Provided data |
::::::

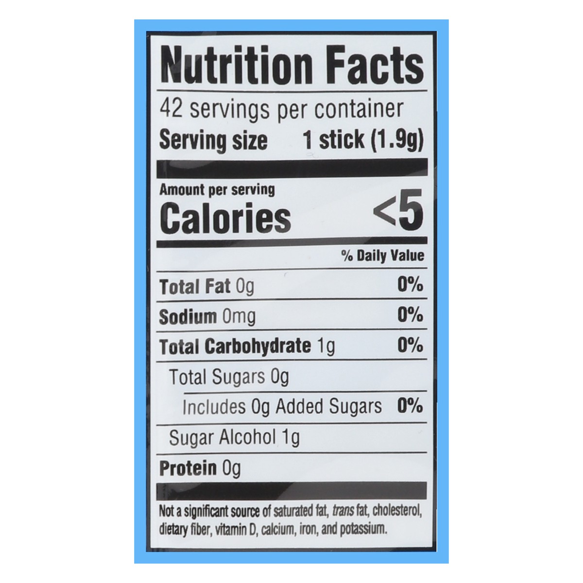 Sorbitol, Gum Base, Xylitol, Glycerin, Natural and Artificial Flavor, Less than 2% of: Acesulfame Potassium, Aspartame, BHT (to Maintain Freshness), Blue 2 Lake, Mannitol, Soy Lecithin, Sucralose.
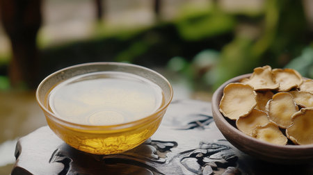 A serene image of brewed herbal tea accompanied by dried ingredients, set in a natural environment that highlights relaxation and wellness.
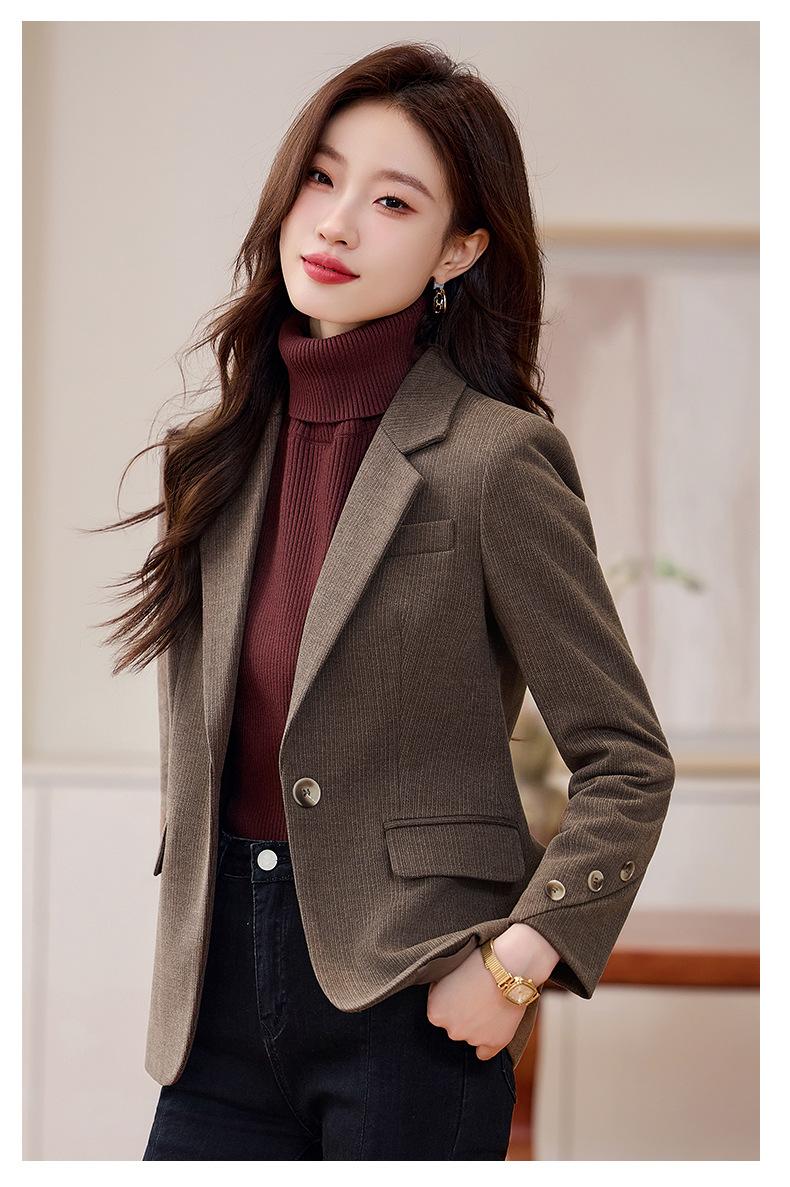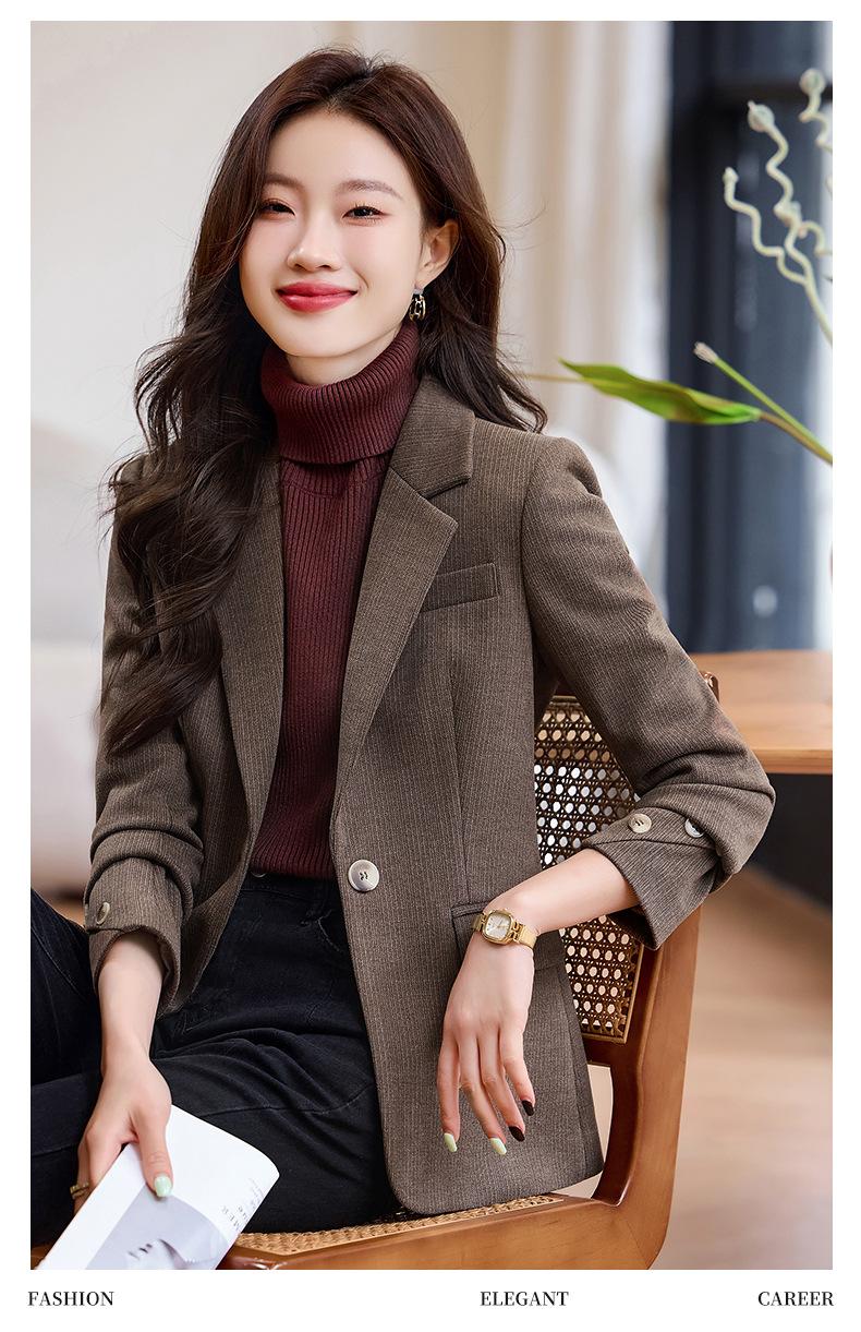 Chaqueta de traje marrón para mujer de alta gama primavera y otoño 2024 Nueva chaqueta de traje elegante y ajustada para mujer popular este año

::::::

Brief |
Only exact copies are wanted here. Write out the lines from the one containing "A serene image" through the end of the material and no others, omitting all pictures.

Problem solution |
 A serene image of brewed herbal tea accompanied by dried ingredients, set in a natural environment that highlights relaxation and wellness.
 Chaqueta de traje marrón para mujer de alta gama primavera y otoño 2024 Nueva chaqueta de traje elegante y ajustada para mujer popular este año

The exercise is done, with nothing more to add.